Research Infrastructure for Empirical Science of F/OSS

Les Gasser1,2, Gabriel Ripoche1,3, and Bob Sandusky1

1Graduate School of Library and Information Science, University of Illinois at Urbana/Champaign
2U.C. Irvine Institute for Software Research
3LIMSI/CNRS, Orsay, France

{gasser,gripoche,sandusky}@uiuc.edu


Appears in Proceedings of ICSE Workshop on Mining Software Repositories, 2004

Abstract:

F/OSS research faces a new and unusual situation: the traditional difficulties of gathering enough empirical data have been replaced by issues of dealing with enormous amounts of freely available data from many disparate sources (forums, code, bug reports, etc.) At present no means exist for assembling these data under common access points and frameworks for comparative, longitudinal, and collaborative research. Gathering and maintaining large F/OSS data collections reliably and making them usable present several research challenges. For example, current projects usually rely on ``web scraping'' or on direct access to raw data from groups that generate it, and both of these methods require unique effort for each new corpus, or even for updating existing corpora. In this paper we identify several common needs and critical factors in F/OSS empirical research, and suggest orientations and recommendations for the design of a shared research infrastructure.

Introduction

A significant group of software researchers is beginning to investigate large software projects empirically, using freely available data from F/OSS projects. A body of recent work, along with targeted assessments of researchers in the field, point out the pressing need for community-wide data collections and research infrastructure to expand the depth and breadth of empirical F/OSS research, and several rough proposals have been made [3].

This paper attempts to justify and clarify the need for community-wide, sharable research infrastructure and collections of data. We review the general case for empirical research on software repositories, articulate some specific current barriers to this empirical research approach, and sketch several community-wide options with the potential to address some of the most critical barriers.
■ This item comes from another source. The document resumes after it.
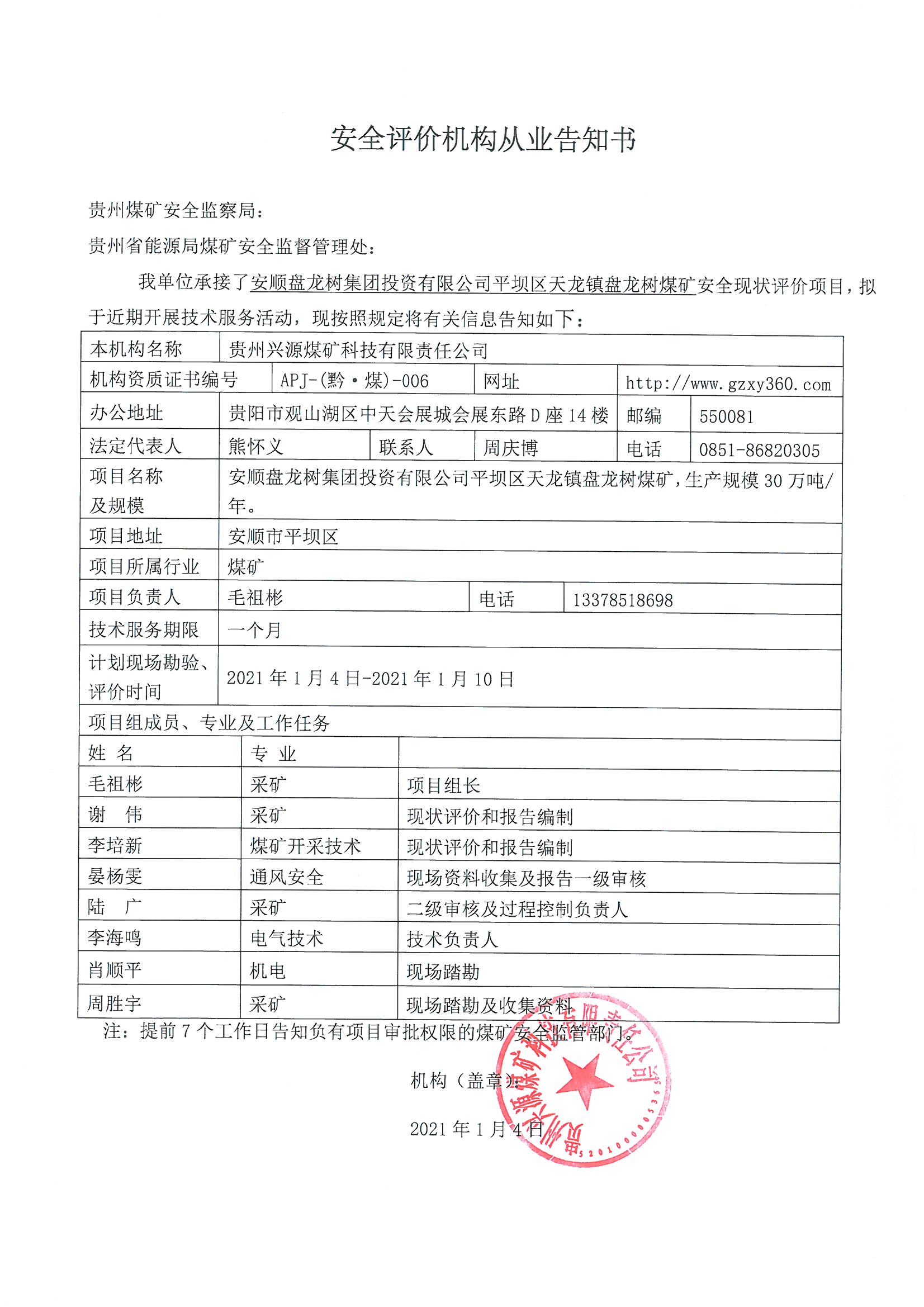 安全評(píng)價(jià)機(jī)構(gòu)從業(yè)告知書(安順盤龍樹集團(tuán)投資有限公司平壩區(qū)天龍鎮(zhèn)盤龍樹煤礦)

First, we review the range of research and research questions that could benefit from a research infrastructure and data collections. Second, we expose critical requirements of such a project. We then suggest a set of components that address these requirements, and put forth several specific recommendations.

Objects of Study and Research Questions

As an organizing framework, we identify four main objects of study--that is, things whose characteristics researchers are trying to describe and explain--in F/OSS-based empirical software research: software artifacts, software processes, development communities, and participants' knowledge. In Table 1 we provide a rough map of some representative characteristics that have been investigated for each of these objects of study, and show some critical factors that researchers have begun linking to these characteristics as explanations. It is important to point out that these objects of study are by no means independent from one another. They should be considered as interdependent elements of F/OSS (e.g., knowledge and processes affect artifacts, communities affect processes, etc.) Also, each of the outcomes shown in Table 1 may play a role as a critical factor in the other categories.


Table 1: Characteristics of empirical F/OSS studies.
Objects Success Measures Critical Driving Factors
Artifacts Quality, reliability, usability, durability, fit Size, complexity, software architecture (structure, substrates, infrastructure)
Processes Time, cost, complexity, manageability, predictability Size, distribution, collaboration, knowledge/information management, artifact structure
Communities Ease of creation, sustainability, trust, social capital Size, economic setting, organizational architecture, behaviors, incentive structures
Knowledge Creation, use, need, management Tools, conventions, norms, social structures, technical content


Current Research Approaches

We have identified two major approaches in empirical research on the objects and factors in Table 1:

These two orientations are separated less by fundamental differences in objectives than by technical limitations in existing tools and methods. For example, qualitative analyses are hard to implement on a large scale, and quantitative methods have to rely on uniform, easily processable data. We believe these distinctions are becoming increasingly blurred as researchers develop and use more sophisticated analysis and modeling tools [9], leading to finer gradations in empirical data needs.

Essential Characteristics

Empirical studies of software artifacts, processes, communities and knowledge are constrained by several key requirements. They should:

  1. Reflect reality from actual experience rather than assumed, artificially constructed phenomena.
  2. Give adequate coverage of naturally-occurring phenomena.
  3. Examine representative levels of variance in key dimensions and phenomena.
  4. Demonstrate adequate statistical significance.
  5. Provide results that are comparable across projects.
  6. Provide results that can be repeated, tested, evaluated, and extended by others.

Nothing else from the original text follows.